_HOW TO COMPLETE THIS TASK:_
Could you transcribe exactly the lines below, from the line with "Chien cosmonaute fond aquarelle" through the line with "W., 58 J., in", and nothing else, leaving out the pictures?

_DATA FOR THE TASK:_
# # # # # # #

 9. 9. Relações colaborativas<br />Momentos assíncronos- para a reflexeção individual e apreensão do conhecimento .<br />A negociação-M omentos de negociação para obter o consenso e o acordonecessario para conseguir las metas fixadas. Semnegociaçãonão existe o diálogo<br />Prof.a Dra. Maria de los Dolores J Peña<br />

# # # # # # #

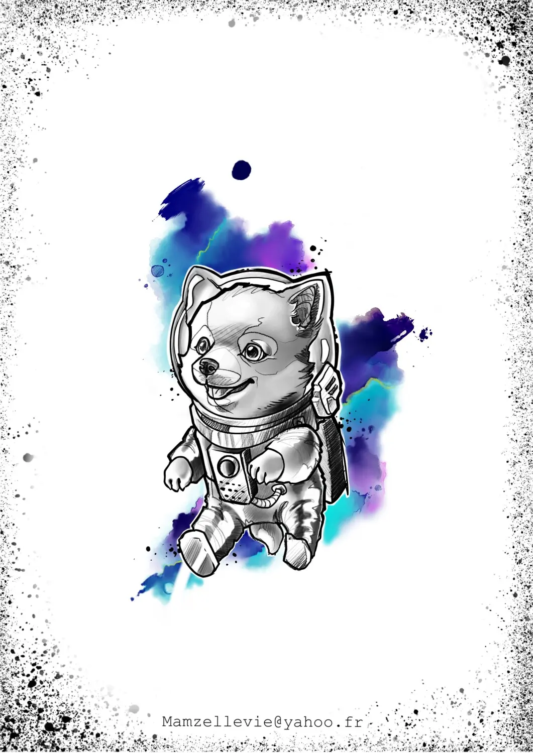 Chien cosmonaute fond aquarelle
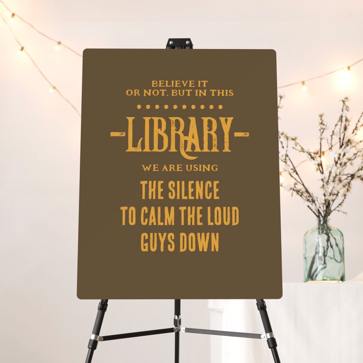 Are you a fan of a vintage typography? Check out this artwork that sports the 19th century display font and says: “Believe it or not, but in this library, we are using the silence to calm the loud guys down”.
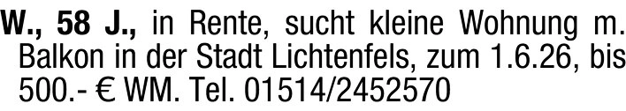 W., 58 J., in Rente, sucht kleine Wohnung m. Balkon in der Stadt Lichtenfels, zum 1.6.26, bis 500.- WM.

# # # # # # #

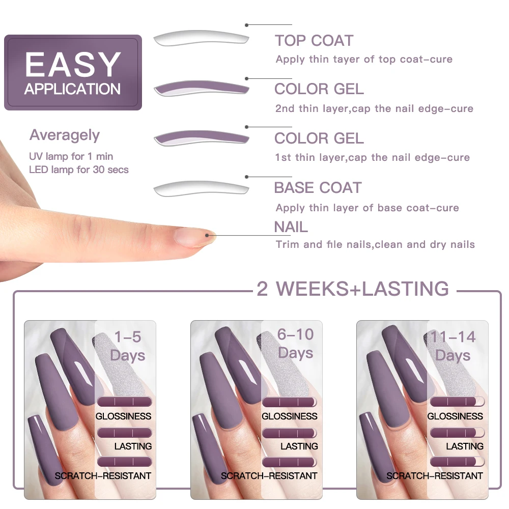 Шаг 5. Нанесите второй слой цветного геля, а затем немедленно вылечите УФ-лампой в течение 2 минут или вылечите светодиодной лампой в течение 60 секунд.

# # # # # # #

_RESPONSE FOR THIS EXERCISE:_
 Chien cosmonaute fond aquarelle
 Are you a fan of a vintage typography? Check out this artwork that sports the 19th century display font and says: “Believe it or not, but in this library, we are using the silence to calm the loud guys down”.
 W., 58 J., in Rente, sucht kleine Wohnung m. Balkon in der Stadt Lichtenfels, zum 1.6.26, bis 500.- WM.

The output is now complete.